The ideas of all the connectors on the 18650 blocks give me the heebe-jeebies. I don't have real data for my concerns though.
"Undecided with Matt Ferrell" oh god, he gets so many things wrongs at times...
I've heard of Ambri, but don't know specifics
@ILove Scotch , all youtube videos are vetted for scientific accuracy!
please,undecided is certainly not a gospel but the best i can do as of just now in real time.
the mit guy has a whole lecture but that one is LONG.
I can look at it and get back to you
@tom should ask me, I got tons of tesla battery info lol.. sitting at my desk is Model s module, tesla Roadster module, and i'm building my own 18650/27.... lego module for future designs.
Professors, man, they just go on and on. I should know, that's what I used to do
very cool!
those 18650s are still the highest energy density cells Tesla has, iirc. The bigger ones can deliver and take more current, but at a bit of a cost in energy density
also the 18650s can be cooled better than the bigger cells
Flow batteries have that annoying membrane thingy. Though I saw a design of a chlorine flow battery, with water-tetrachlormethane (or water-hydrocarbon) systems, where there is no membrane, and the catholyte-anolyte junction is between immiscible liquids. The water phase is chloride-rich, the organic phase is solvent for chlorine. The junction happens on a layer of activated carbon with titanium-ruthenium oxide catalyst.

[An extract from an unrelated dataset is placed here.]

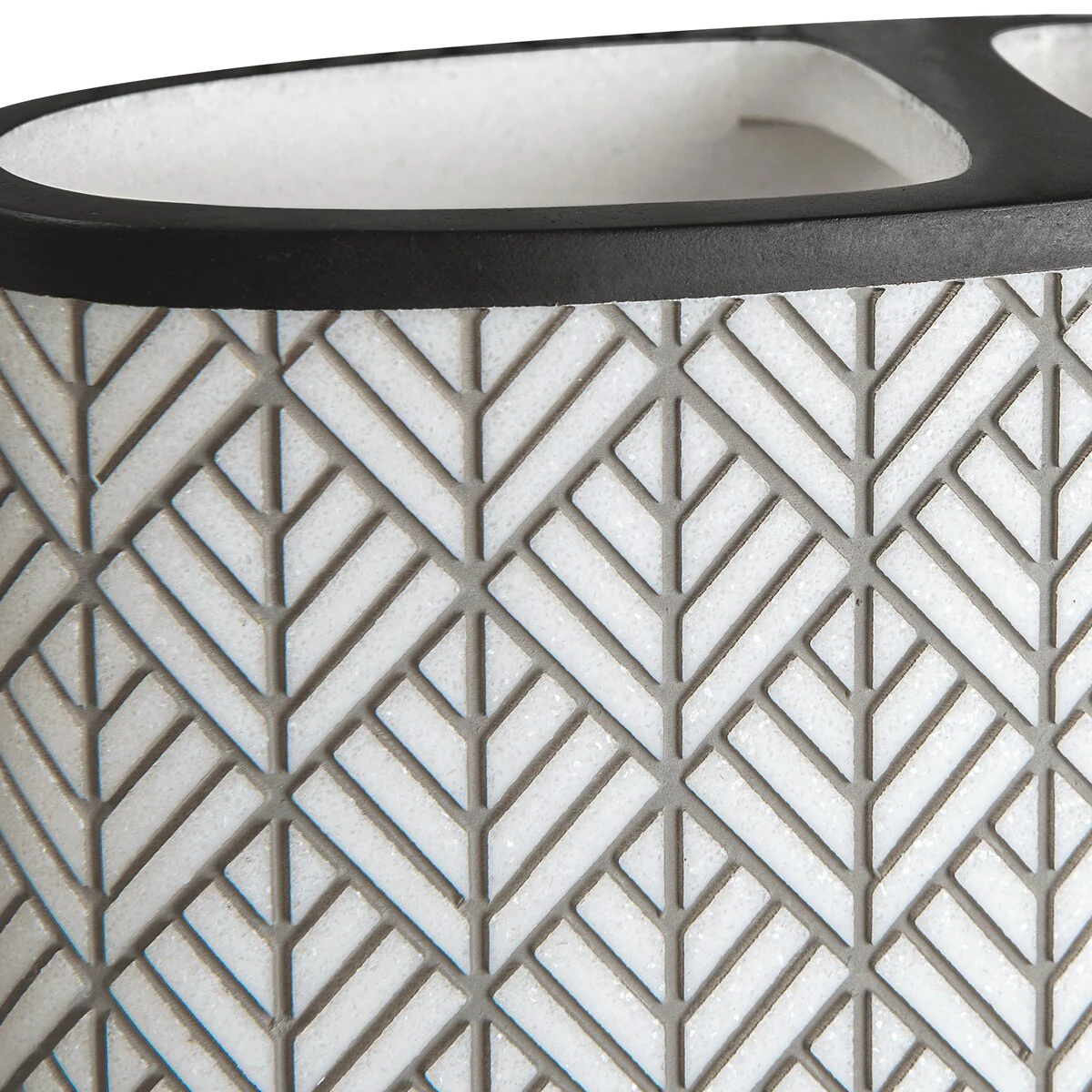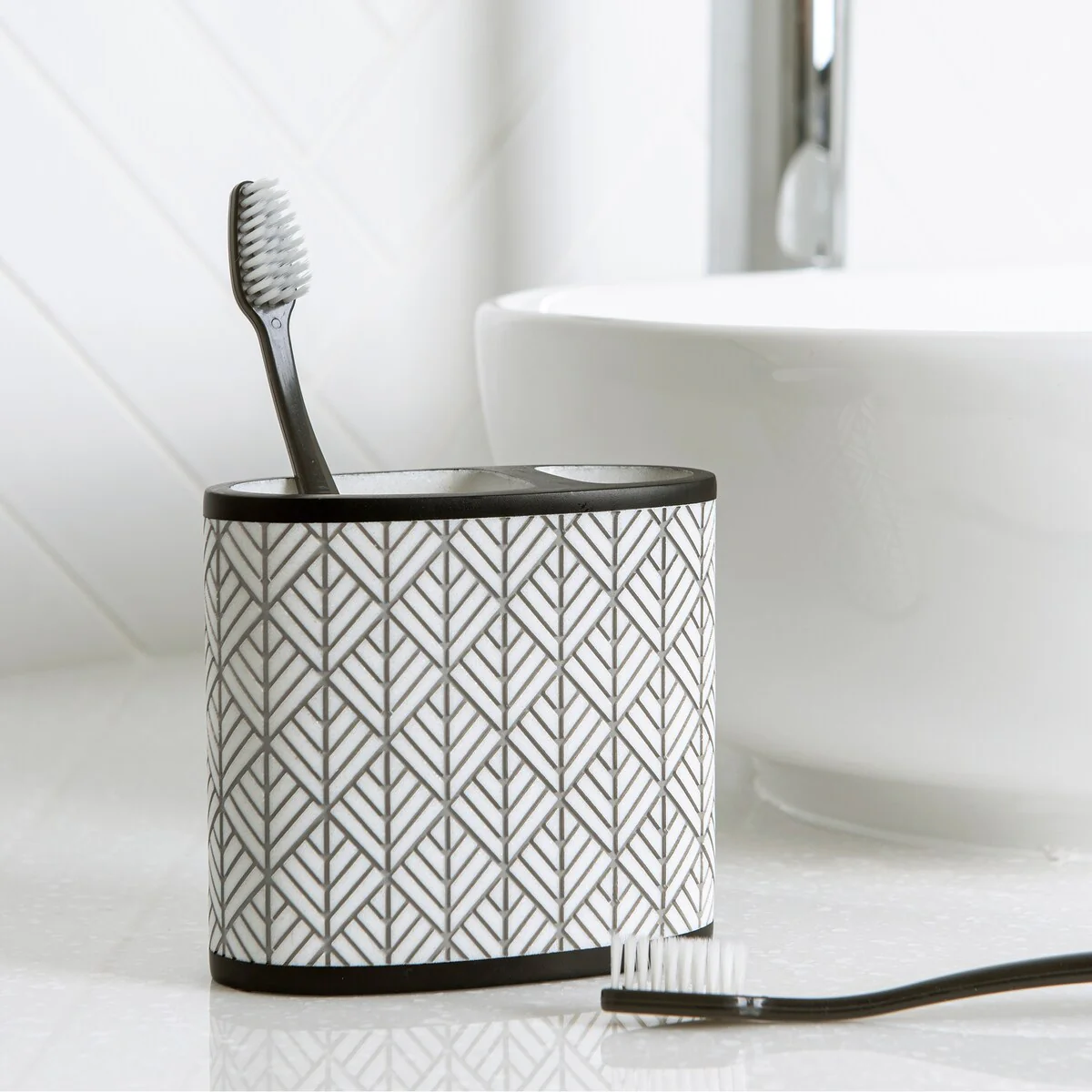 Give your bathroom a stylish update with the Shelby Toothbrush Holder by Allure Home Creation. This oval debossed holder, crafted from resin in charcoal and white highlighted with black trim, features a sleek linear geometric pattern. It has two varied-sized openings that will hold toothbrushes, toothpaste, or other bathroom essentials that you want to store upright and keep nearby. This art deco inspired piece will dress your countertop with sophisticated industrialized style. Use alone or coordinate with other matching pieces in the Shelby Bath Collection. Hand Wash, Spot or Wipe Clean.

Is it clear that LFP (Lithium Iron Phosphate) is the safest battery for inside-the-building applications?
what's so annoying about a membrane (or a porous separator)
Agreed on FLow, PEM are expensive (to me anyways)
when I did flow batteries, we used a porous separator
Don't get me started on Nafion. I spent my whole fuel cell career showing them up ;)
@Tom Johnson yeah for existing Li ion types LiFePO4 is pretty safe, can handle higher temps...
Dead Li-ion cells, especially the pouch ones that are easy to disassemble, are a pretty good source of microporous polyolefin membranes. Pretty handy for electrochemistry.
Is there an alternative to Nafion?
sure. Sulfonated styrene-ethylene
@Dave Sopchak: you mentioned earlier that there's no solid state battery*.
=>But do you know of a technology that allows a higher density / compactness, for (extreme) miniaturization?
*refering to this:
https://www.electronics-lab.com/meet-the-tiny-100mah-rechargeable-3d-solid-state-batteries-from-iten/
Thomas- yes. Celgard separators
@Drix the reason solid electrolytes do well in teeny batteries is because the teenier the battery, the less likely the thin solid electrolyte will fail due to volume changes on change in state of charge
hiAny developments on radioisotope batteries?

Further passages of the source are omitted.